Microsoft присоединилась к научно -исследовательским учреждениям, таким как Университет Калифорнии, Беркли и Университет Иллинойса, чтобы открыть источник проекта по интеллектуальной системе интеллектуального агента Cloud Automation и технического обслуживания под названием AIOPSLAB. Проект направлен на реализацию автоматического обнаружения, местоположения и разрешения сбоев путем моделирования реальной среды облачных сервисов, тем самым значительно улучшив эффективность наблюдаемости и эксплуатации и обслуживания облачных сервисов. AIOPSLAB принимает модульный дизайн, поддерживает сотрудничество с компьютером человека и очень масштабируется, что облегчает разработчикам разрабатывать различные рабочие нагрузки и сценарии сбоев. Его основные функции включают в себя пять ключевых частей: координатор, сервис, генератор рабочей нагрузки, генератор разломов и наблюдение.
Основная функция AIOPSLAB заключается в поддержке сотрудничества между людьми и цифровыми агентами с помощью модульного дизайна, что облегчает разработчикам расширить приложения и обрабатывать различные рабочие нагрузки и сценарии сбоев. Его архитектура состоит из пяти ключевых компонентов: координатора, обслуживания, генератора рабочей нагрузки, генератора сбоев и наблюдаемой.
Координатор отвечает за создание сессии с агентом и обмен информацией по вопросам сравнительного анализа. Это помогает агенту эффективно решать задачи, вызывая серию документированных API (таких как получение журналов, метрик и т. Д.). Координатор также может работать от имени агента, таких как расширение или перераспределение услуг, гарантируя, что агент может работать плавно в фактической среде.
Сервисный модуль может адаптироваться к различным средам реальных облачных сервисов, таких как микросервисы, без серверов и однополучия. AIOPSLAB также использует набор приложений с открытым исходным кодом DeathStarbench, предоставляя исследователям инструмент для воспроизведения и изучения производственных событий в контролируемой среде. Кроме того, благодаря интеграции таких инструментов, как Blueprint, AIOPSLAB также может быть распространен на другие академические и производственные услуги, что позволяет быстро развернуть новые варианты.
Генераторы рабочей нагрузки играют важную роль в AIOPSLAB и отвечают за создание моделирования сценариев нормального и сбоя для проверки производительности агентов в различных условиях. Он генерирует соответствующие рабочие нагрузки в соответствии со спецификациями координатора, помогая пользователям тестировать в различных ситуациях.
Генератор неисправностей является инновационной особенностью AIOPSLAB, которая обеспечивает мелкозернистую инъекцию разлома в различных облачных сценариях.

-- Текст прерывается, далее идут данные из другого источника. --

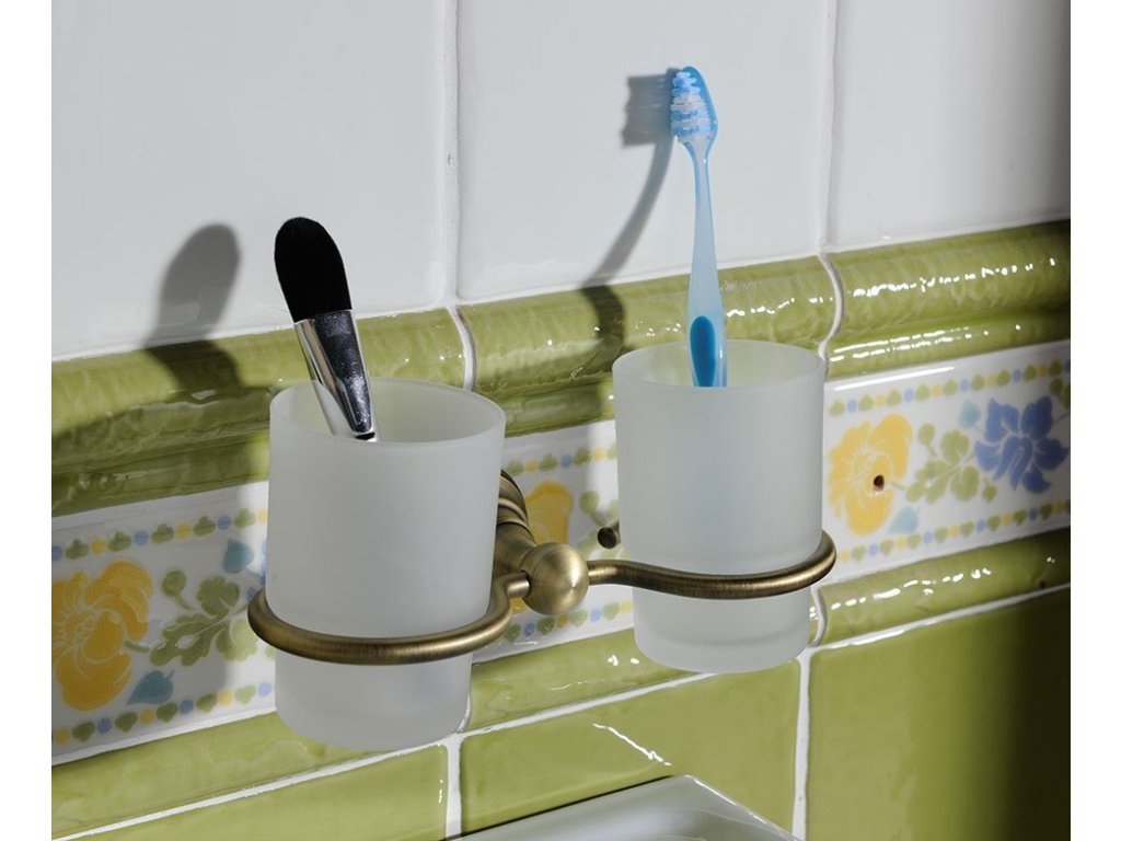 Sapho DIAMOND dvojitý držák skleniček, mléčné sklo, bronz 1318-05

Эта функция может имитировать весь процесс сложных сбоев и рассмотреть взаимозависимость между микросервисами, предоставляя пользователям комплексные возможности тестирования и оценки.
Наконец, функция наблюдения объединяет несколько инструментов мониторинга для улучшения комплексных возможностей мониторинга AIOPSLAB, обеспечивая, чтобы пользователи могли получить индивидуальную систему информации для эффективного управления в случае возможной перегрузки данных.
Адрес с открытым исходным кодом: https://github.com/microsoft/aiopslab/?tab=readme-ov-file
Очки:
Microsoft и Universities совместно с открытым исходным кодом AIOPSLAB, стремясь улучшить возможности автоматизации и обслуживания облачных сервисов.
AIOPSLAB поддерживает несколько среде облачных сервисов через пять основных компонентов: координатор, сервис, генератор рабочей нагрузки, генератор неисправностей и наблюдение.
Функции наблюдения интегрируют несколько инструментов мониторинга, чтобы убедиться, что пользователи получают эффективную системную информацию и возможности мониторинга.
Открытый исходный код AIOPSLAB предоставляет новые возможности для повышения эффективности работы и технического обслуживания в облачной области. Мы с нетерпением ждем новых разработчиков, участвующих в нем, и совместно улучшать и развивать этот проект.